* _Dataset excerpt_:

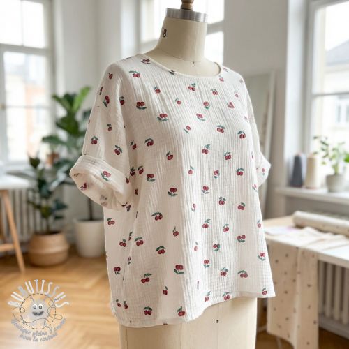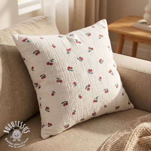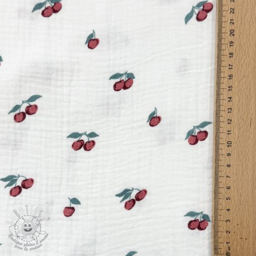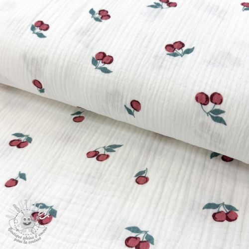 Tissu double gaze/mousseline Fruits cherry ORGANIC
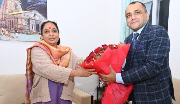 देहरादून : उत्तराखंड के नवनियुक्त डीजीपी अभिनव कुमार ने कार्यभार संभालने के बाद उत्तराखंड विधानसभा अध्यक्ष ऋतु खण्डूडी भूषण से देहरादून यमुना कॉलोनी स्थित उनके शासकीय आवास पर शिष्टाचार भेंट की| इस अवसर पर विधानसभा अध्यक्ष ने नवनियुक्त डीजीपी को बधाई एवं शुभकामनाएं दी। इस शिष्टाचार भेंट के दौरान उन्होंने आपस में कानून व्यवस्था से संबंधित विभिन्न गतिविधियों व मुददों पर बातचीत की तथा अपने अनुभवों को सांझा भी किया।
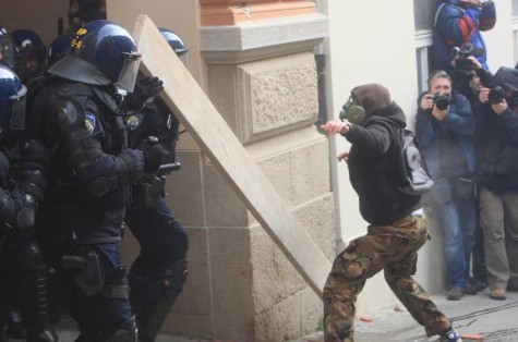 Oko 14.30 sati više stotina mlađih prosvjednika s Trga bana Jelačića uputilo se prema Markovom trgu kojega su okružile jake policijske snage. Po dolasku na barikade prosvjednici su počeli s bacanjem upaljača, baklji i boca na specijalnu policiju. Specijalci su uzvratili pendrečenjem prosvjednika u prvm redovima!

* _Aim of the task_: Wherever a picture appears in the data, please drop it and retype the rest exactly.

* _Response to the exercise_:
 Tissu double gaze/mousseline Fruits cherry ORGANIC
 देहरादून : उत्तराखंड के नवनियुक्त डीजीपी अभिनव कुमार ने कार्यभार संभालने के बाद उत्तराखंड विधानसभा अध्यक्ष ऋतु खण्डूडी भूषण से देहरादून यमुना कॉलोनी स्थित उनके शासकीय आवास पर शिष्टाचार भेंट की| इस अवसर पर विधानसभा अध्यक्ष ने नवनियुक्त डीजीपी को बधाई एवं शुभकामनाएं दी। इस शिष्टाचार भेंट के दौरान उन्होंने आपस में कानून व्यवस्था से संबंधित विभिन्न गतिविधियों व मुददों पर बातचीत की तथा अपने अनुभवों को सांझा भी किया।
 Oko 14.30 sati više stotina mlađih prosvjednika s Trga bana Jelačića uputilo se prema Markovom trgu kojega su okružile jake policijske snage. Po dolasku na barikade prosvjednici su počeli s bacanjem upaljača, baklji i boca na specijalnu policiju. Specijalci su uzvratili pendrečenjem prosvjednika u prvm redovima!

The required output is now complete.